From the first line to the last, transcribe the data exactly and skip the pictures.

RECORDED INFORMATION>
──────────────────────────────

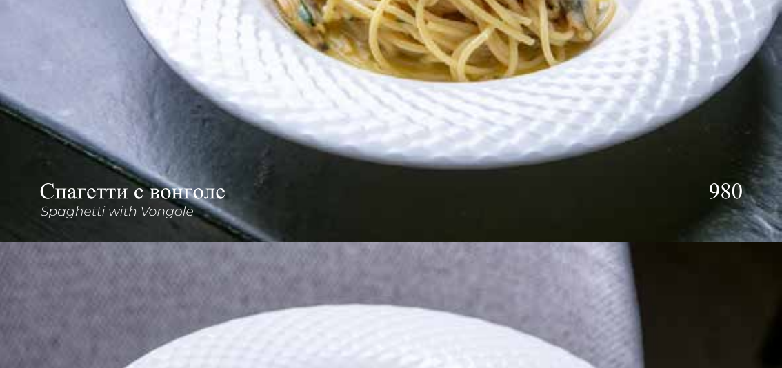
Спагетти с вонголе
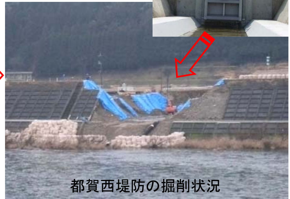
都賀西堤防の掘削状況
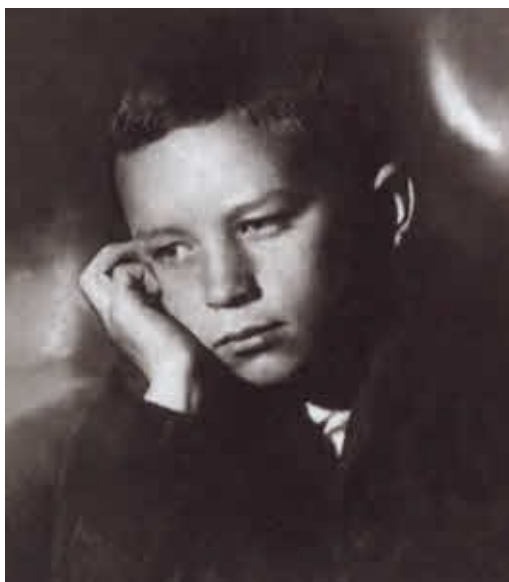
Конон Молодой. Сентябрь 1932 г.

──────────────────────────────

REPLY>
Спагетти с вонголе
都賀西堤防の掘削状況
Конон Молодой. Сентябрь 1932 г.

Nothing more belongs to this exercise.